When a papal conclave has chosen the next pope, he retreats to a room in the Sistine Chapel called the “Room of Tears.” Here the papal white awaits him. The Room of Tears, and the conclave process, are among the tour stops in this video. Respectful and often fascinating, Inside the Vatican offers a unique behind-the-scenes look at the life, history and inner workings of Vatican City. Vignettes include the ordination of a bishop, the restoration of a priceless tapestry, the swearing-in of a Swiss Guard soldier, reception of world leaders and a race to digitally preserve disintegrating documents.

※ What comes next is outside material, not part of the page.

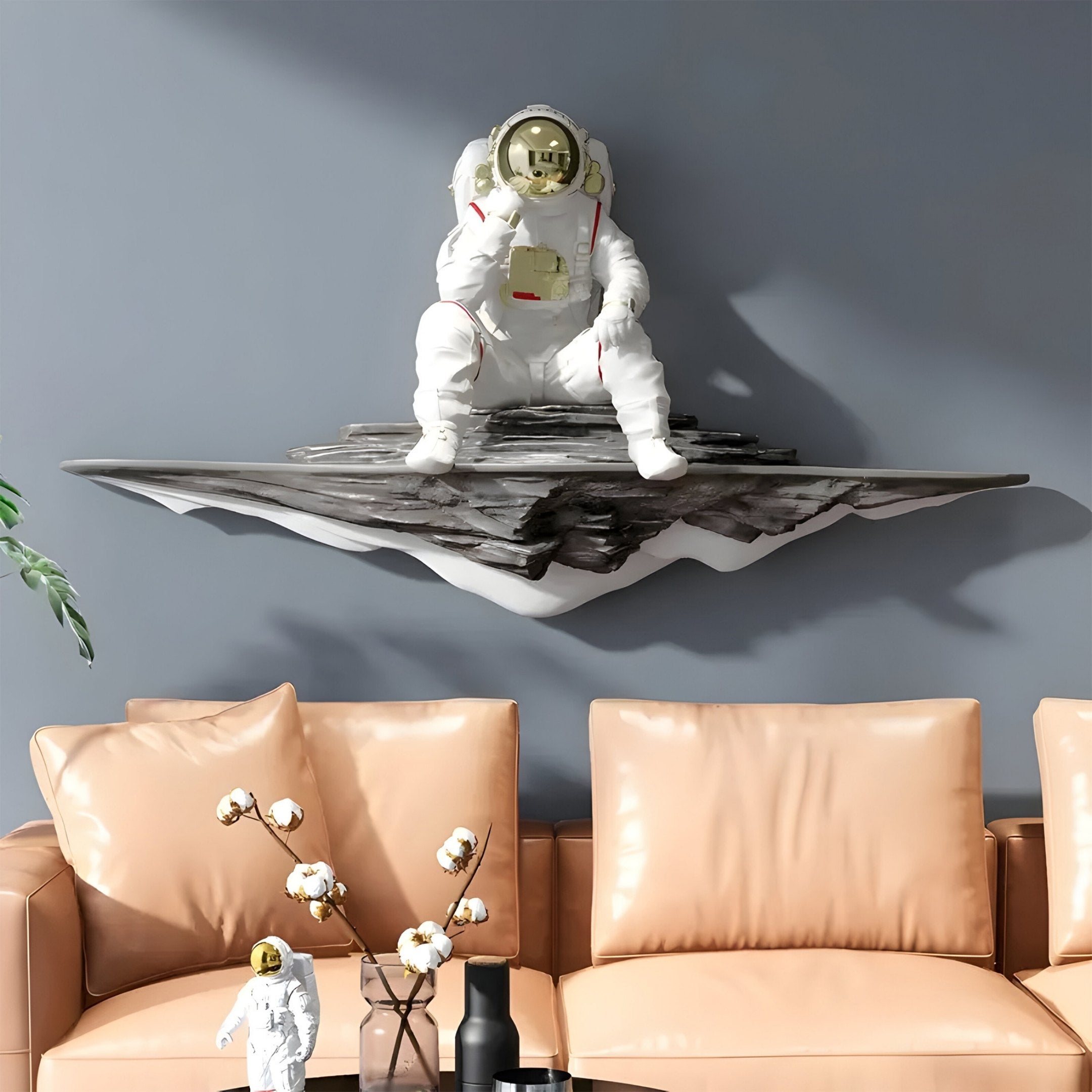 Add a contemplative cosmic touch to your décor with the White Astronaut Thinker On Rocky Shelf 3D Wall Art, a resin sculpture that blends imaginative design with a hint of futuristic wonder. Dressed in a crisp white spacesuit accented by subtle red lines, the astronaut rests on a rocky grey shelf as though pausing to survey uncharted horizons. A gold visor adds a warm contrast to the white suit, reflecting surrounding light and drawing attention to the figure’s thoughtful stance. This piece transforms any lounge, office, or bedroom wall into a focal point that sparks conversation about exploration and the mysteries of outer space.

Inside the Vatican touches on the origins of the papacy in Jesus’ call of Peter and the 20th-century discovery of Peter’s grave and bones. Episodes in papal history, glorious and otherwise, are discussed, from Leo X’s financial mismanagement to John Paul II’s role in the downfall of the Soviet Union. Glimpses of John Paul II’s pastoral spirit and compassion can be seen in footage of a visit to a leper colony and in an interview with the Holy Father’s personal photographer, who explains that he considers it a sacred duty never to take even one bad picture of the Holy Father.

Content advisory: A fleeting journalistic reference to criticism of the Pope’s “conservatism” and a brief discussion of Galileo that needs context.

The Miracle Worker (1962)

The astonishing story of Annie Sullivan’s dogged efforts to break the isolation of Helen Keller’s sightless and soundless world is brought stunningly to life in The Miracle Worker. Originally a Broadway play written by William Gibson, directed by Arthur Penn and starring Anne Bancroft and Patty Duke, the story was brought to the screen by the same creative team, with Gibson adapting his own stage play and Penn again directing Bancroft and Duke in Oscar-winning turns. 

Duke, 16, is like a feral animal as Helen, unnervingly oblivious, snatching food from other people’s plates and lashing out at unwanted interference with abandon. Bancroft brings iron conviction and a total dearth of sentimentality to Sullivan, a tough-minded, nearly blind Boston Catholic whose Yankee directness both unsettles and offers hope to her genteel Southern Protestant hosts. “It has a name,” Sullivan says again and again, signing nouns under Helen’s fingers as she tries to get her to link sign patterns with physical objects. And the grueling eight-minute dining-room battle will have parents of willful children on the edge of their seats. The cathartic final scene is nothing short of transcendent.

Content advisory: Harrowing physical confrontations between Helen and Annie; disturbing verbal account of subhuman living conditions. Still fine family viewing.

The Three Musketeers (1921)

Douglas Fairbanks’s first major silent costume swashbuckler exuberantly embraces the melodramatic absurdities of Alexandre Dumas’s universe, with valiant heroes and scheming villains risking all to capture a diamond brooch — foolishly given by the Queen to an indiscreet admirer — all for the purpose of either embarrassing or saving the honor of the queen, thereby pushing her weak-minded King this way or that in the power struggle between the Queen’s allies and the villainous Cardinal Richelieu.

Yes, it’s really as convoluted as all that. But Fairbanks is in top form, leaping and dueling as the young D’Artangnan. The film takes more than a half hour to introduce its large cast of characters and set up its intrigues and alliances, but after that it’s gung-ho derring-do all the way.

Content advisory: Swashbuckling violence; a negative clerical depiction; romantic complications.